In considering the potential for an ethology of artificial intelligence (AI), we are venturing into uncharted territory. The idea of observing and studying AI behavior as we would an animal’s seems, at first glance, to be an attempt to anthropo- or biomorphize technology. However, as AI systems like large language models become increasingly complex, the need to understand these systems through their behavior becomes more pressing. In fact, the complexity and opaqueness of these systems often necessitate an approach akin to ethology, the study of animal behavior.
This also goes to the heart of the question around explainability. What an explanation really is, is a surprisingly deep question. One fairly clear view in philosophy is that explanations exist at different levels – and ethology is a way to frame a nested hierarchy of explanations into a comprehensive explanation of behavior over all. An ethological explanation is composed of layers of explanations.
One formulation of this is that of Niko Tinbergen, who approaches animal behavior from four primary angles: adaptation, phylogeny, mechanism, and ontogeny. Applying these lenses to the study of AI presents unique challenges, but it also potentially offers us new ways of understanding these complex systems – a nested system of explanations.
The first question of adaptation–why the AI is performing the behavior–might seem straightforward in the case of AI, as its behaviors are generally determined by human-defined goals and objectives. However, as AI becomes more complex and capable of self-learning, this question becomes more intricate. The AI may develop behaviors that optimize its performance in unexpected ways, making the question of why it is behaving in a certain way less straightforward.

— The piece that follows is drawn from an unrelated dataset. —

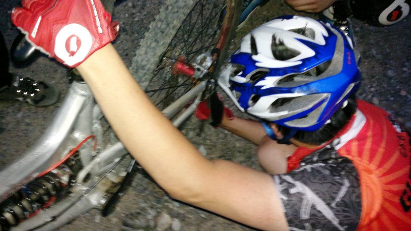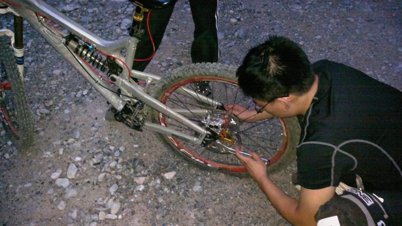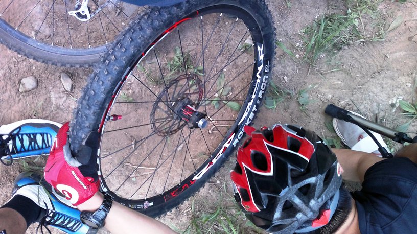 苹果的真空胎都给蹦爆胎了,140的前叉完全打底。

Phylogeny, or the evolutionary history of a behavior, is a concept that might seem out of place when applied to AI. Unlike biological entities, AI does not evolve through natural selection over generations. However, AI does have a form of phylogeny if we consider the iterative development and improvement of AI models as a kind of evolution. Understanding the ‘phylogeny’ of an AI system could involve tracing back its development, examining the various iterations it went through, and the changes made at each step.
Mechanism, or what triggers the behavior, is perhaps the easiest to apply to AI, as it involves the inner workings of the system. However, as AI systems grow more complex and their decision-making processes more opaque, understanding these mechanisms becomes more challenging. This is particularly the case with machine learning models where the exact decision-making process is not always easily extractable or understandable.This is where traditional explainability questions often end up.
Finally, ontogeny, or how behavior develops over an individual’s lifetime, presents another intriguing lens through which to view AI. While AIs do not have lifetimes in the biological sense, they do have operational lifespans during which their behavior can change significantly, especially in the case of learning models. Observing how an AI’s behavior changes over time, in response to new data or changes in its operating environment, could provide valuable insights into its functioning.
So, can we develop an ethology of AI? The application of Tinbergen’s questions to AI is certainly challenging, but not impossible. While some aspects of these questions require modification or reinterpretation, they provide a potentially fruitful framework for understanding the behavior of complex AI systems. In fact, they might become necessary tools given the increasing complexity of these systems.
Refusing this approach, we risk confining ourselves solely to mechanistic explanations of AI behavior. Such a narrow view would limit our understanding of AI and potentially blind us to significant aspects of their operation and implications. By embracing an ethological approach, we can gain a more holistic and nuanced understanding of these complex systems, aiding us in their development, management, and integration into society. As we continue to create and interact with increasingly sophisticated AI, the need for such understanding will only grow more urgent.
Now, we can also take this another level and study man-machine complex systems, and the resulting ethology of technology in use here. This will allow us to find even better ways of understanding risks and weaknesses in the systems. Our focus on understanding how the technical systems work is misplaced when the reality is that it is the technologies in human use we need to understand – and when we defer to systems, and how they can be designed to avoid that we defer to them when we – and they – have the least understanding of what is going on. 1 See this intriguing argument for models stating they do not know when their confidence levels sink below a certain threshold.
This mix of anthropology and ethology could well develop into a key skill in the very near future.
- 1See this intriguing argument for models stating they do not know when their confidence levels sink below a certain threshold.